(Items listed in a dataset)
########

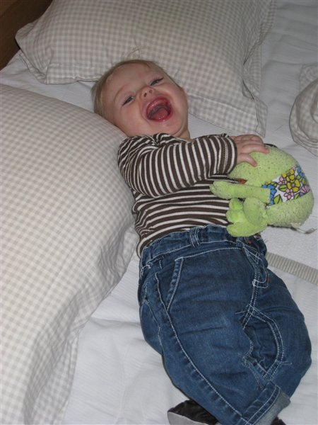 . Han blev også udnævnt til Greve mester i rulning og SP var meget imponeret over hans færden bestod af en blanding af rulning og møffen. Hun mente helt bestemt at hvis vi havde haft gulvtæppe så havde han kravlet nu. Nu må vi se synes det hele lige pludselig er gået meget stærkt her på det sidste og det vigtigeste er jo bare at han er glad og tilfreds.
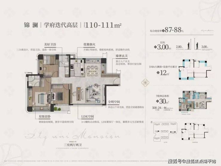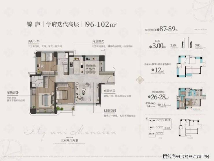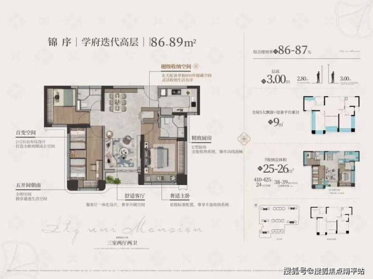 高层(精装三房/四房,3米层高,得房率86%-89%)
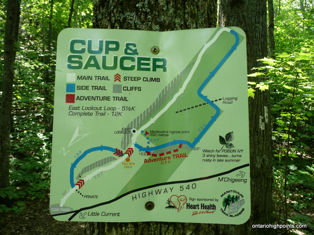 The Cup and Saucer is the highest point on Manitoulin Island. There are 2 ways to get to Manitoulin Island. From Sudbury, take Highway 17 west and turn south onto Highway 6 through Espanola. Continue on Highway 6 for 52 km and cross the swing bridge into Little Current. Continue west on Meredith Street, past the intersection with Manitowaning Street (keep straight), where Highway 6 diverges left and then turn left on Worthington Street where Highway 540 begins. Continue on 540 for 23 km and turn left onto Bidwell Road. The parking lot for the Cup and Saucer trail is a short distance (600 meters) on the right.
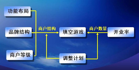 在购物中心招商过程中,最难兼顾的是商户结构和商户数量。商户结构包括功能布局、品牌结构和商户等级。严格地按商业规划保证商户结构,是实现定位的基本要求,也是保证购物中心功能覆盖率从而促进开业增长率的基本要求,但同时对商户数量造成了很大的限制,也制约了开业率。作为一个负责任的经营管理团队,应该优先保证商户结构。当现实条件不具备,招不够合格商户时,可通过事先制定调整计划适当放开条件招商满足一定的开业率要求,日后按计划调整。我们用“填空游戏”示意于图2。
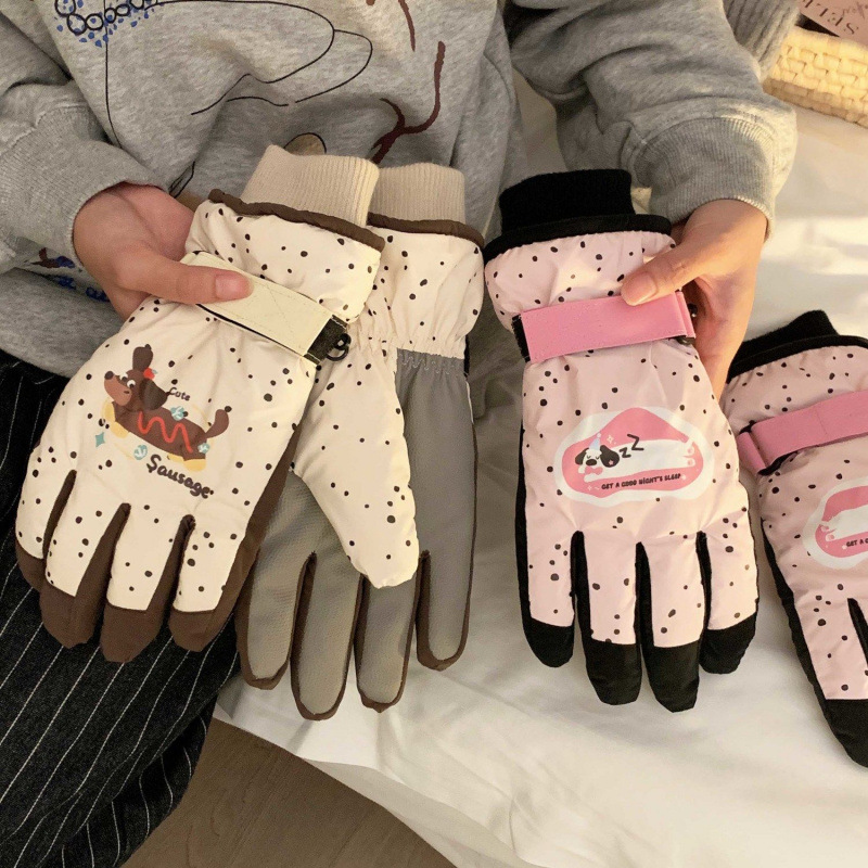 可爱防风滑雪加绒可触屏冬季保暖手套冬天骑车防寒加厚电动车
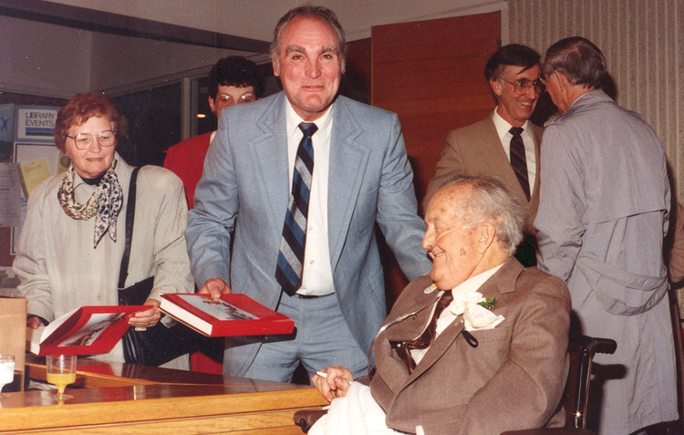 - en-CA George Seibel autographing his book in the lobby of the Victoria Avenue library.

########

__Task to complete__: Leave out the pictures, and retype exactly the lines from the one containing "可爱防风滑雪加绒可触屏冬季保暖手套冬天骑车防寒加厚电动车" through the last line of the data above, no more and no less.

__Worked solution__:
 可爱防风滑雪加绒可触屏冬季保暖手套冬天骑车防寒加厚电动车
 - en-CA George Seibel autographing his book in the lobby of the Victoria Avenue library.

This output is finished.